What to do: Print word for word whatever lies between the first line of the material and the line holding "Blick vom Rendl", both included, and omit all pictures.

Provided data:
----------
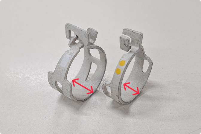 従来のホースクランプに比べて幅を狭く設計した事により、省スペース内の作業性向上と締結部品の費用低減に繋がっています。
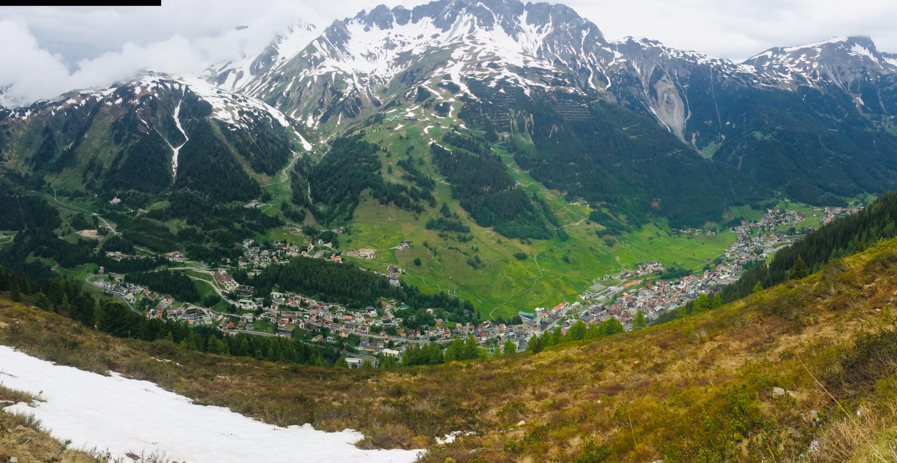 Blick vom Rendl auf den Ort hinunter. Das Hotel liegt in der Mitte des linken Ortsteils
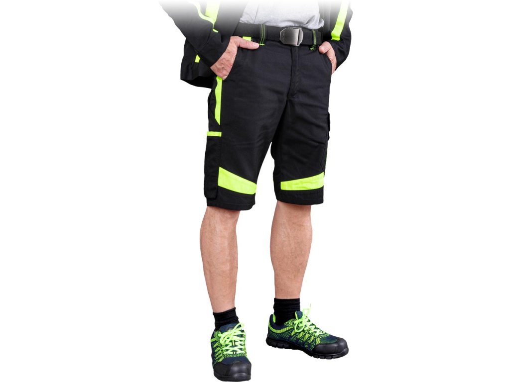TANZO ochranné nohavice do pása s krátkymi nohavicami. - Materiál: 65% polyester, 35% bavlna, 270 g/m² - Kontrastné 65% polyester, 35% bavlna, 195 g/m² vsadky - Tri bočné vrecká, z toho jedno na zips - Dve zadné vrecká so zapínaním na suchý zips - Vrecká na nohách, vrátane vrecka na mobil - Elastický pás pre lepšie prispôsobenie - Klip na kľúče - Slučky na pripevnenie ďalšieho príslušenstva - Módna farebná kombinácia pre atraktívny vzhľadDodatočné parametre
----------
Response to the exercise:
 従来のホースクランプに比べて幅を狭く設計した事により、省スペース内の作業性向上と締結部品の費用低減に繋がっています。
 Blick vom Rendl auf den Ort hinunter. Das Hotel liegt in der Mitte des linken Ortsteils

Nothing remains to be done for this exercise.